Dovilė Šakalienė (born 1 June 1978) is a Lithuanian politician who served as the Minister of National Defence from 12 December 2024 until 22 October 2025. She has been a member of the Seimas since 2016 and previously worked as a psychologist and human rights defender.

== Biography ==
Šakalienė completed high school in Panevėžys in 1996 and earned a bachelor's degree in psychology from Vilnius University in 2001. She later received a degree in legal psychology from Mykolas Romeris University in 2003. From 2004 to 2016, she worked at the Lithuanian Human Rights Monitoring Institute, where she criticized legislative proposals restricting LGBT rights and abortion rights.

From 2011 to 2015, she hosted the Žinių radijas program "Žmogus žmogui" and served as an accredited journalist at the Council of Europe from 2012 to 2016.

== Political career ==
Šakalienė entered politics as an independent candidate on the Lithuanian Farmers and Greens Union list in the 2016 Lithuanian parliamentary election. She left the party's parliamentary group in 2017, citing differences over child protection laws, and joined the Social Democratic Party of Lithuania.

During her time in the Seimas, Šakalienė introduced amendments to the Law on the Framework of the Protection of the Rights of the Child, banning corporal punishment and redefining child abuse to include psychological abuse and neglect.

On 22 March 2021, she was sanctioned by the Chinese government after the European Union imposed sanctions on China over Xinjiang.

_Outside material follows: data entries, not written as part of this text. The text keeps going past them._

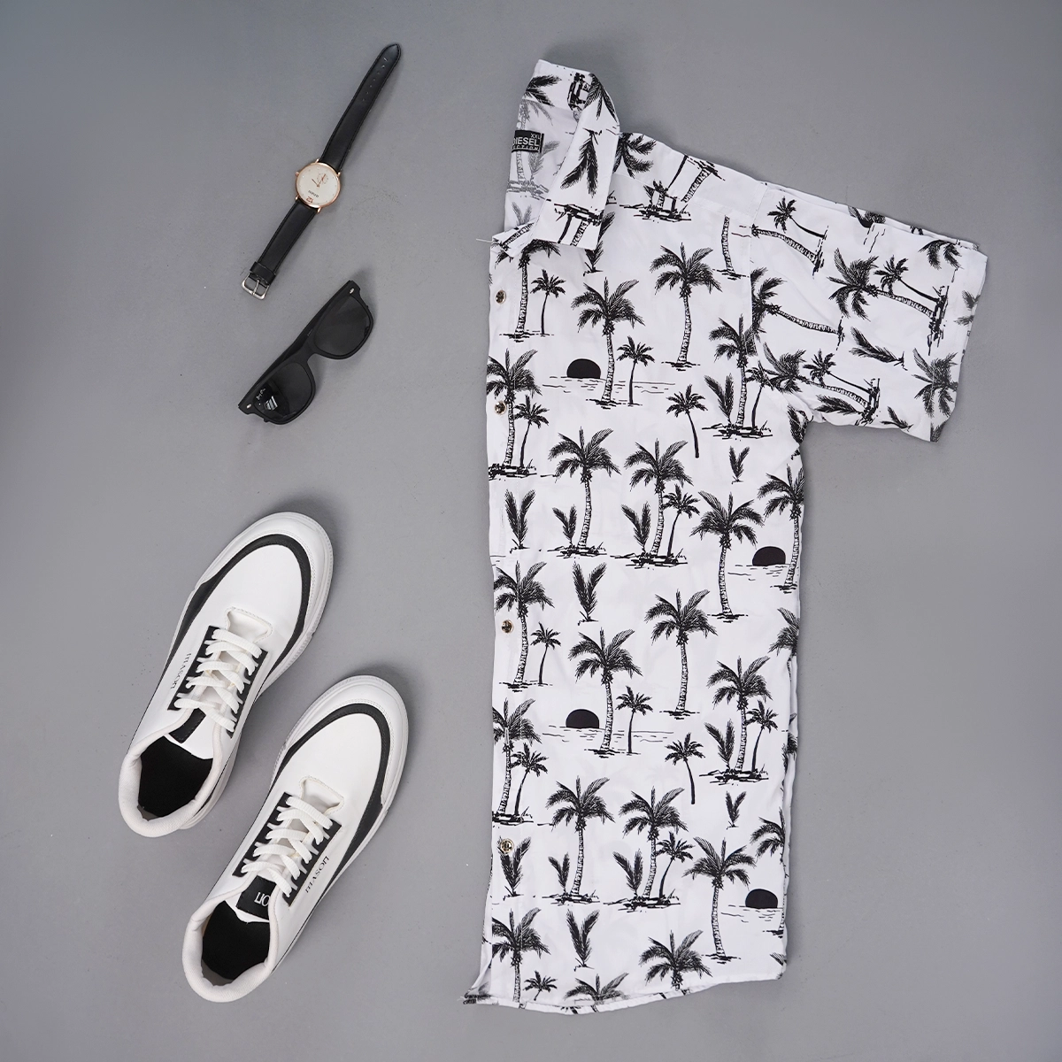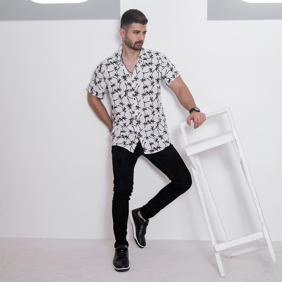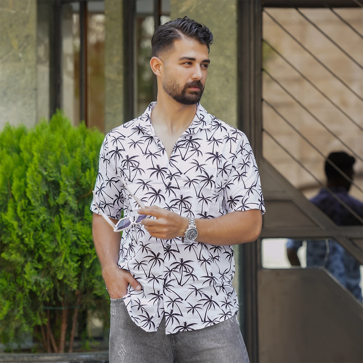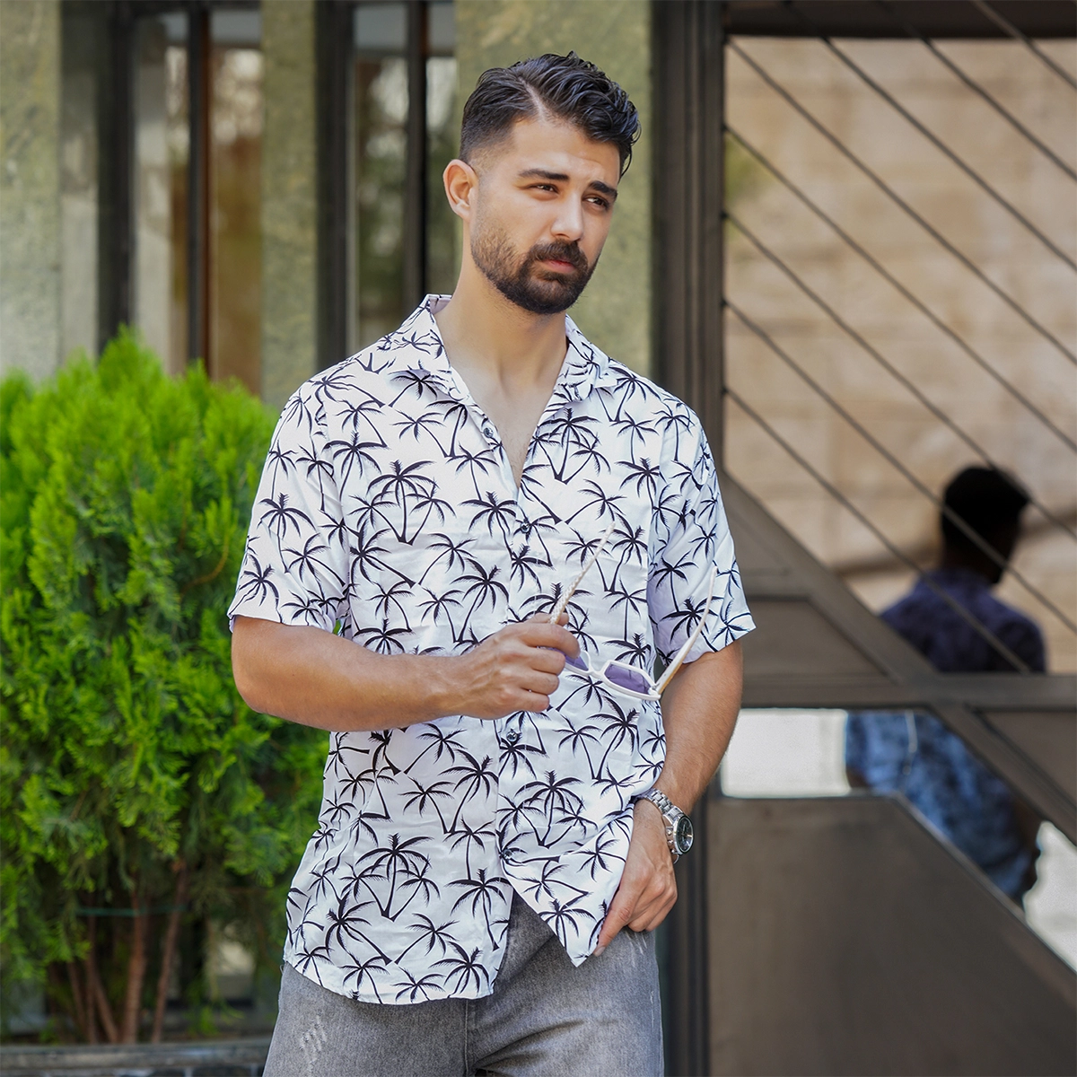 پیراهن هاوایی مردانه سفید مدل Nanti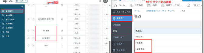 ・oplus「拠点名」とマネーフォワードクラウド勤怠「拠点」が完全一致しているか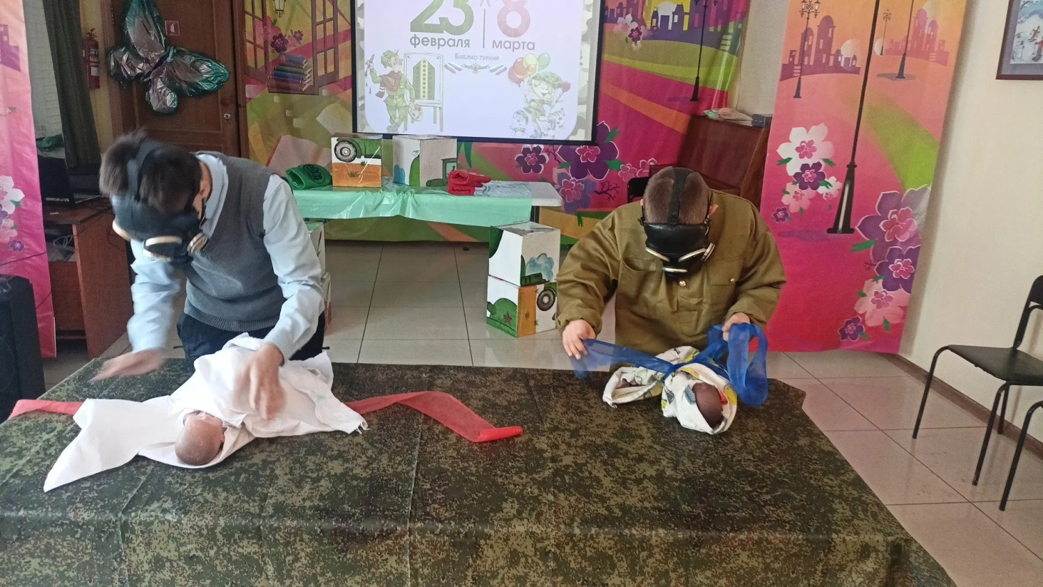 На второй станции школьников ждала полоса препятствий — испытание на сноровку, скорость реакции и командную взаимовыручку. Здесь ребята пеленали пупсов, надевали противогазы и собирали гигантские пазлы. Один момент требовал точности, другой — смелости и быстроты, третий — умения договориться и действовать сообща. Этот этап получился самым динамичным: смех, азарт и искреннее стремление справиться лучше всех были слышны, кажется, на всю библиотеку.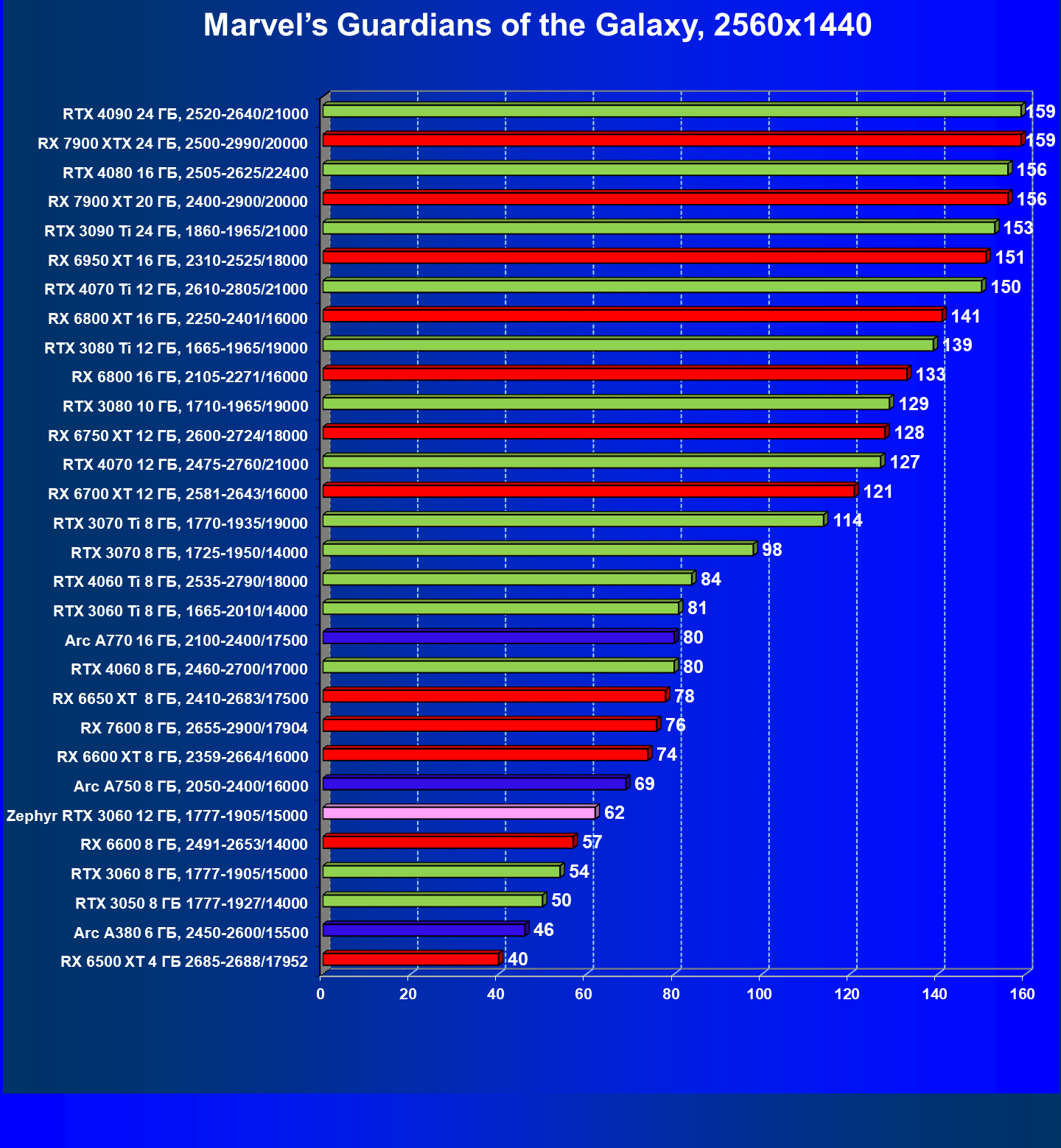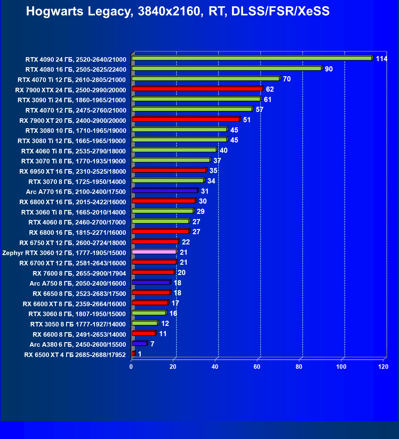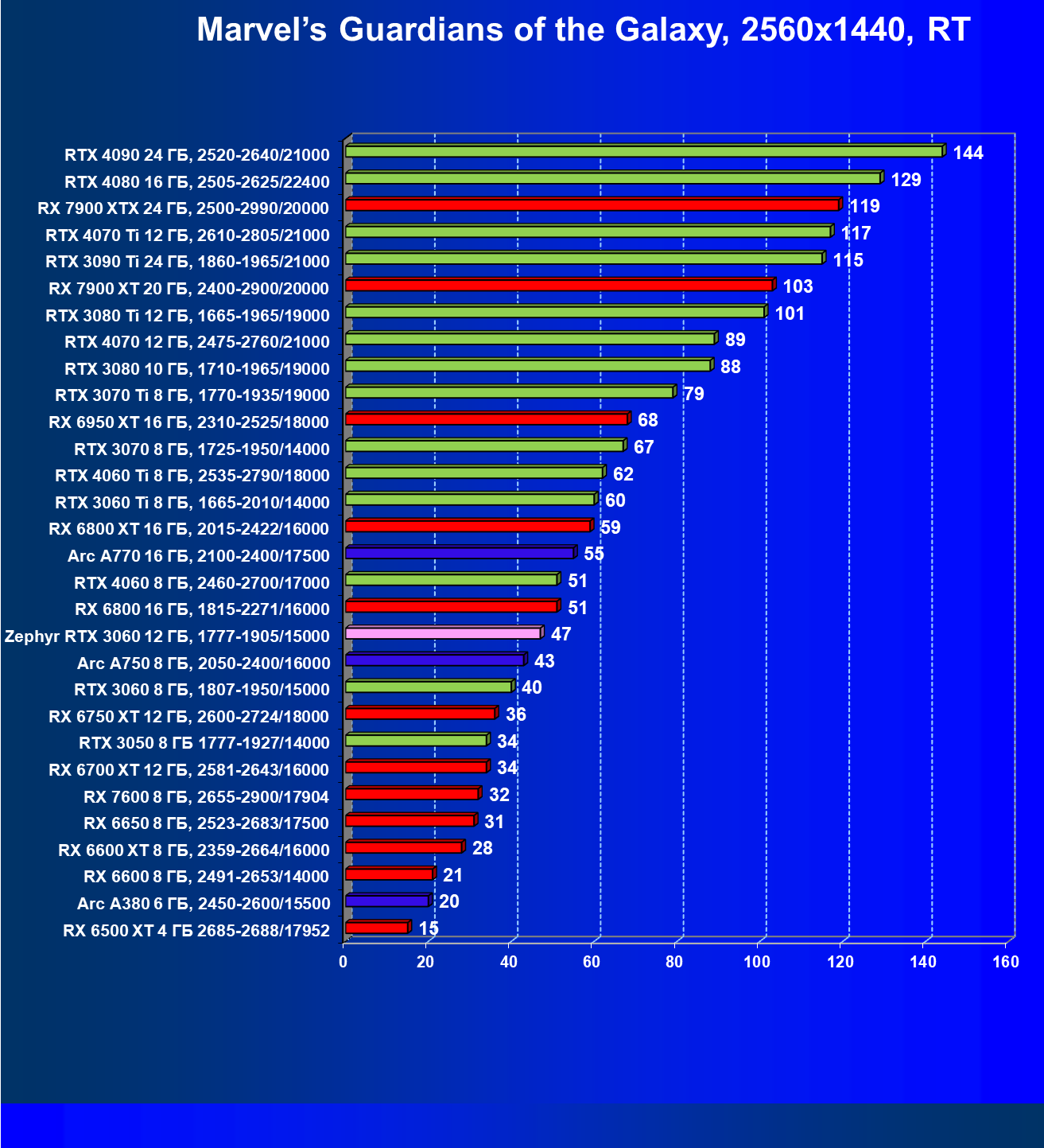 | 21 | Arc A750 8 ГБ, 2050—2400/16000 | 278 | 79 | 35 000 |

Following the Russian invasion of Ukraine in 2022, Šakalienė housed a Ukrainian refugee family and advocated for stronger European defense policies.

=== Position on Ukraine ===
In June 2025, Šakalienė affirmed that Lithuania "will never give up" on Ukraine's aspiration to join NATO, emphasizing that decisions on membership should rest with the Alliance itself—not with external actors. She warned of a dangerous "new axis" composed of Russia, China, North Korea, and Iran, and called for NATO to speak clearly against attempts to undermine its credibility.

=== Minister of National Defence ===
After the 2024 Lithuanian parliamentary election, Šakalienė was nominated by Prime Minister Gintautas Paluckas as Minister of National Defence. She assumed office on 12 December 2024, succeeding Laurynas Kasčiūnas.

She was suspended as defense minister on 20 October 2025 for a scandal involving influencers. She resigned on 22 October 2025 amid a dispute with prime minister Inga Ruginienė over defence spending.